Who Made God?

Children often ask this. The quick answer: God wasn’t made, He was always there. Only things that weren’t always there have to be made.

But atheists may still complain about God being used as an explanation because it stops inquiry. We should always look for some other explanation because of this. Saying “God did it” stops science. Sometimes they also insist that to use God as an explanation, we need to explain God first.

I think these complaints are based on a confusion between arguing that and explaining how. When theists use God as an explanation, they are arguing that. That is, they are trying to argue that it is true that God exists and did such and such. Theists have to admit, however, that this does not explain how. It doesn’t provide details about the processes of how the universe was made. Because “God did it” doesn’t explain how, atheists reject God as an explanation.

But we can use explanations for both of the above purposes. We can use an explanation to uncover a mechanism, or we can use an “inference to the best explanation” to argue that a certain event occurred. An example: I can explain why the sky is blue by pointing out different features of light and the absorptive properties of gasses in the atmosphere — that’s explaining how. Or I could argue that my friend was awake late last night because there is an email in my inbox from him with a timestamp of 2:20 am. In the latter case I am not trying to get into the details of how the universe works so much as show that my friend was awake at that time. Notice that I don’t need to have an explanation for why my friend was awake to make the point: what kept him up is a different question from whether he was up.

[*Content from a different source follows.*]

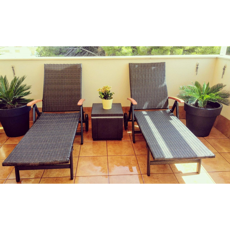 Allibert Ice Cube — це функціональний стіл-скриня з термоізоляцією, який стане ідеальним доповненням для пікніків, вечірок і заміського відпочинку. Виготовлений у графітовому кольорі з фактурою під штучний ротанг, він стильно виглядає та гармонійно поєднується з будь-якими садовими меблями. Стіл витримує навантаження до 110 кг і може використовуватись як додаткове сидіння. Внутрішній відсік об'ємом 33 л із гелевим акумулятором температури дозволяє зберігати прохолоду напоїв і продуктів упродовж кількох годин. Міцний пластик стійкий до вологи та ультрафіолету, не потребує спеціального догляду й не піддається корозії.Особливості Забезпечує термоізоляцію для зберігання охолоджених напоїв і продуктів завдяки вбудованому термоотсеку та акумулятору холоду; Багатофункціональне використання як столика, ящика для зберігання та додаткового місця для сидіння з навантаженням до 110 кг; Сучасний дизайн з оздобленням під штучний ротанг легко вписується в екстер’єр тераси або саду; Компактні розміри та корисний внутрішній об’єм 33 л роблять виріб зручним для виїздів і заходів на відкритому повітрі; Виготовлений із зносостійкого пластику, стійкого до погодних умов, вологи й УФ-випромінювання.

In the same way, when theists offer arguments for God’s existence involving God as an explanation, they aren’t trying to uncover mechanisms that can be used to further scientific inquiry. They are merely arguing that God exists; they are arguing that, not explaining how. And just like my friend’s email, arguing that God exists isn’t the same as showing how God exists.

So arguing that God did something may not advance scientific goals, but that in itself doesn’t mean that God didn’t do it, or that God isn’t a good explanation. It just means that God doesn’t suit the goals of atheists.